A Cinco Passos de Você || Estreia em 21 de março de 2019
Crítica: Karla Nayra


A única certeza que temos na vida é a de que vamos morrer, mas mesmo assim ainda não aprendemos a lidar com essa certeza. A Cinco Passos de Você apresenta a história de Stella Grant (Haley Lu Richardson) que, aos dezesseis anos de idade é acometida por uma doença conhecida como fibrose cística. Durante sua estadia no hospital, ela conhece Will Newman (Cole Sprouse – Jughead de Riverdale) que sofre da mesma doença. Ambos se apaixonam, mas estão impedidos de se tocarem, pois a doença pode se tornar ainda mais grave caso o contato físico ocorra. Acontece que o toque é praticamente tão vital quanto a respiração. Essa é uma das diversas reflexões propostas pelo filme, que vai além de uma história de amor romântico.

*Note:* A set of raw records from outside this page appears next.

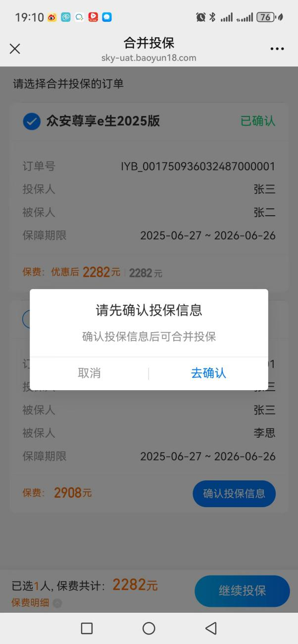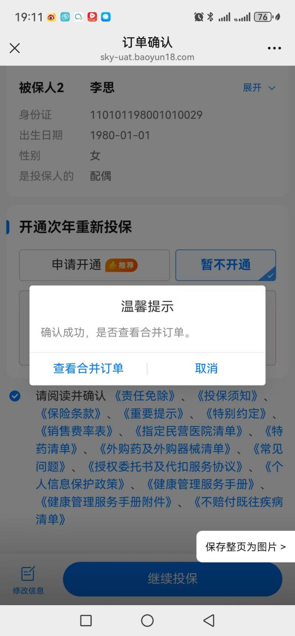 勾选时会再次弹窗提示,确认后,页面会跳转回第一个订单(父亲的众民保订单)的确认页。你需要在这里完成该订单的最终确认步骤。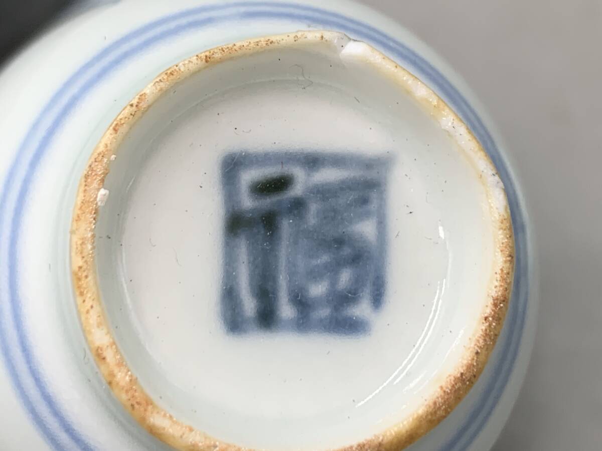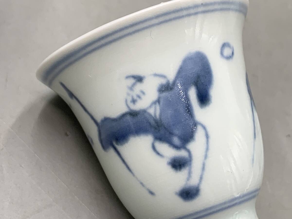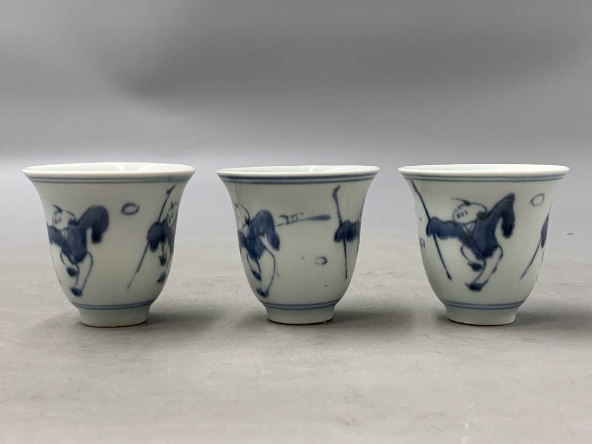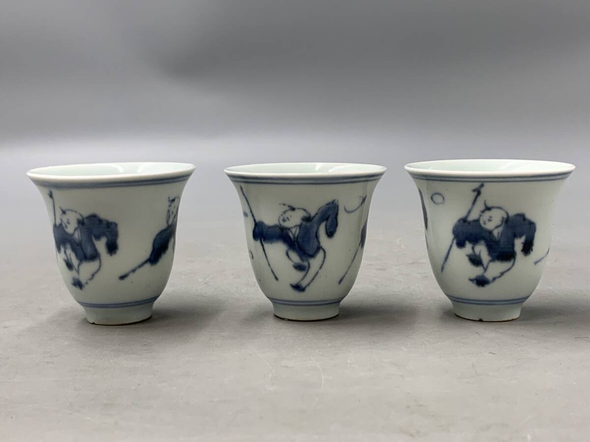 8#F/70149 染付 青華 唐子紋 杯 ぐい呑 茶器 福在銘 3客 煎茶道具 茶道具 60サイズ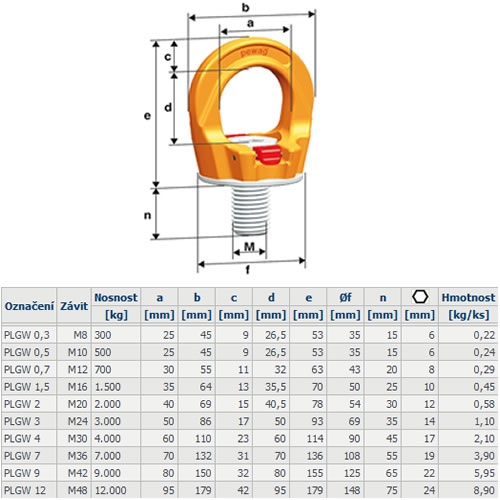 Popis vázací bod PLGW profilift gamma M20/2t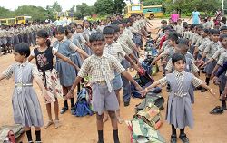 随即,校长吩咐老师用麦克风广播,请学校小学生先行出来集合炼功,因为学校操场一下子没法容纳太多学生,只好分三批。校长便带我们到操场,工友及老师合力搬两张桌子,分开摆放,由台湾学员余女士及Chitra做示范,并请Chitra边做示范、边讲解。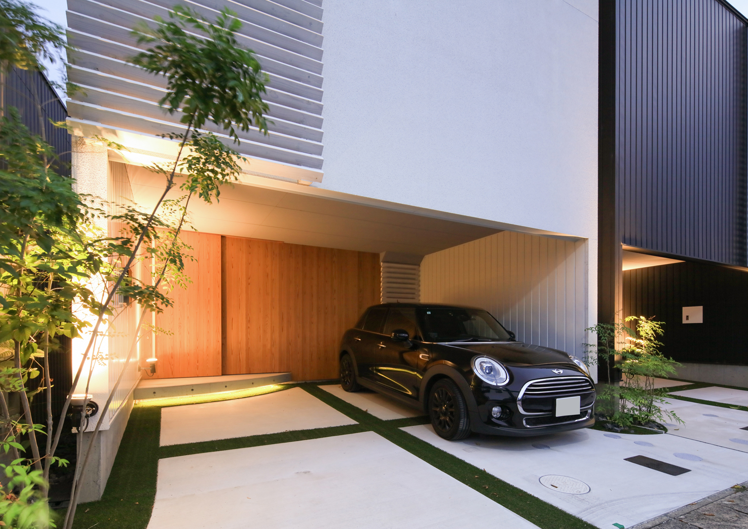 【雨の日も濡れずに乗り降りできるガレージ。エントランスの間接照明も印象的です。】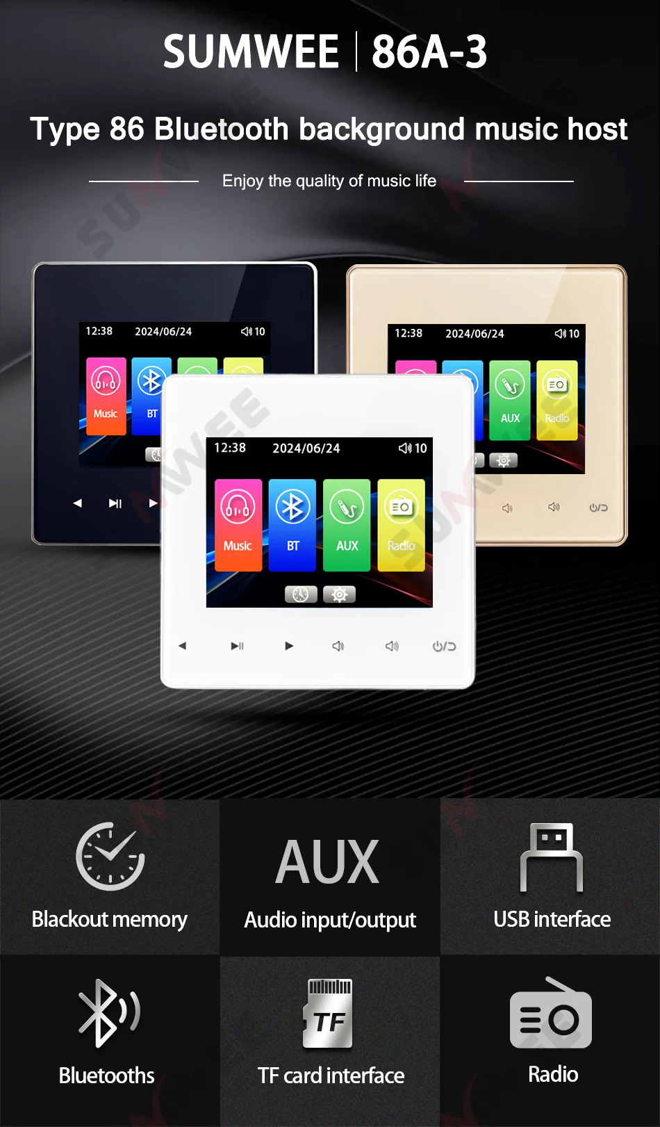 Installation: 86 standard wire box, front wall

O diretor Justin Baldoni se empenha em falar de diversos tipos de amores para tentar sair do clichê. Mas não tem jeito, o clichê também é um recurso que faz a história ser justamente o que ela é: um drama voltado para o público adolescente. Todavia, isso não é um impedimento para que mergulhemos de cabeça na história. O sentimento de empatia entre o público e o filme é um elemento que tanto a direção quanto o roteiro buscam incansavelmente. Exatamente por isso, fica difícil evitar com que algumas lágrimas escorram algumas vezes. Na verdade, nem era preciso dar essa explicação, basta ver o trailer e você entenderá o que estou falando.

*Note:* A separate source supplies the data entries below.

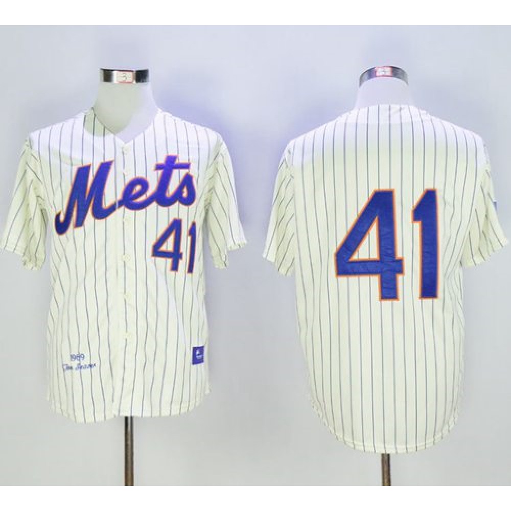 Mitchell And Ness 1969 Mets #41 Tom Seaver Cream(Blue Strip) Throwback Stitched MLB Jersey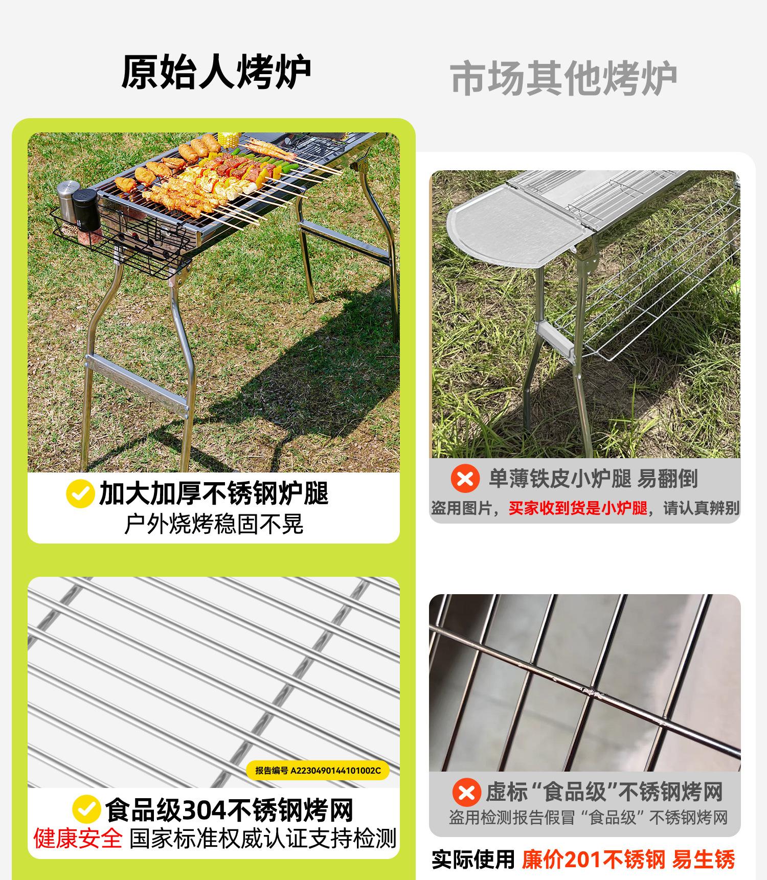 Parrilla de barbacoa grande para exteriores, de acero inoxidable, plegable, portátil, para uso doméstico, con horno de carbón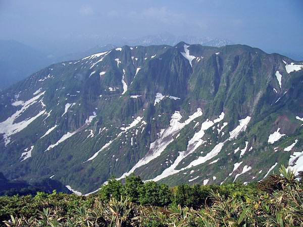 | カヘヨノボッチへの道を下ってゆくとネズモチ平から登ってきたパーティに出会った。 花の様子を聞いてみると肝心のヒメサユリはまだとのことだった。仕方がないので引き返して再び浅草岳に向かう。 その途中の前岳との鞍部から守門岳を見るが霞んでいてはっきりしない。 |
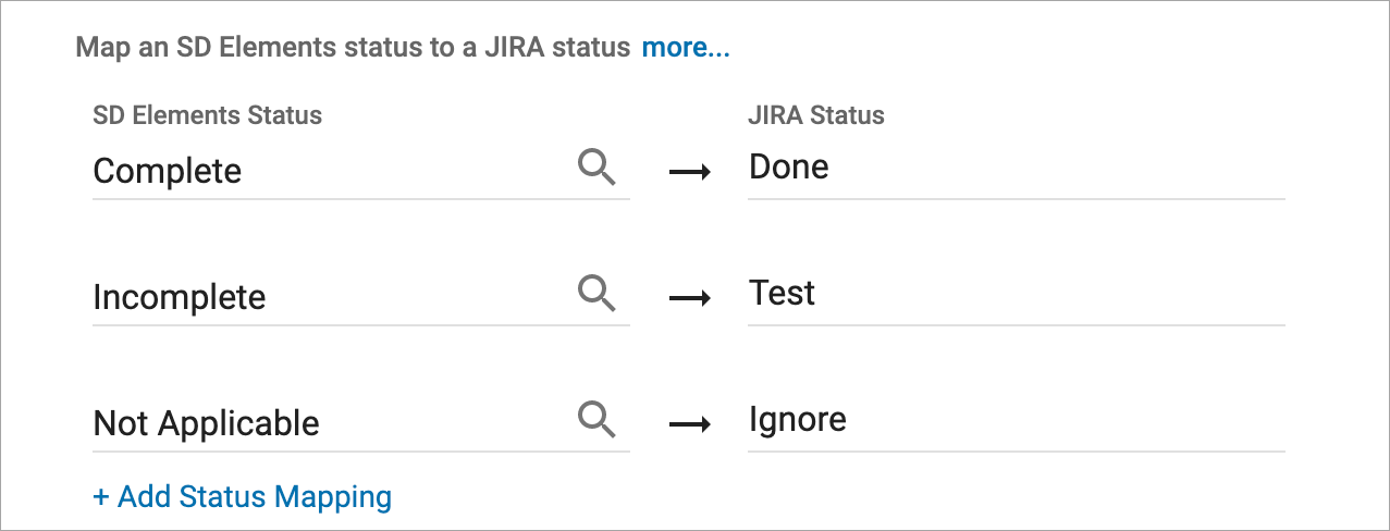 Map an SD Elements status to a JIRA status: The direct mapping between SD Elements to your Issue Tracker.

Há um forte elemento educativo e um compromisso em explicar a doença e suas implicações à um público muito jovem. Diante da expectativa de que o publico entenda, em alguns momentos o filme fala mais do que deve, quando poderia mostrar. O final do filme não traz surpresas, mas há momentos de tensão bem estabelecidos pelo diretor. Apesar de o final ser aquilo que se espera, não significa que é ruim. Há recursos de linguagem usados pelo diretor que contam o final sem necessariamente mostrá-lo. Aqui há uma diferença do desenvolvimento inicial da narrativa do filme e finalmente o diretor acerta a mão.

O que é a vida, afinal? Parece que só entendemos a urgência em viver da forma correta quando estamos à beira da morte. Outra reflexão que a história apresenta é a de que nada é fixo ou permanente, um conceito do budismo. As instabilidades da vida estão dadas, a pergunta é como lidar com elas? O roteiro apresenta algumas respostas e referencias à meditação aparece como uma delas de forma sutil. O filme faz o estilo “fofo” e certamente vai emocionar e agradar os corações adolescentes.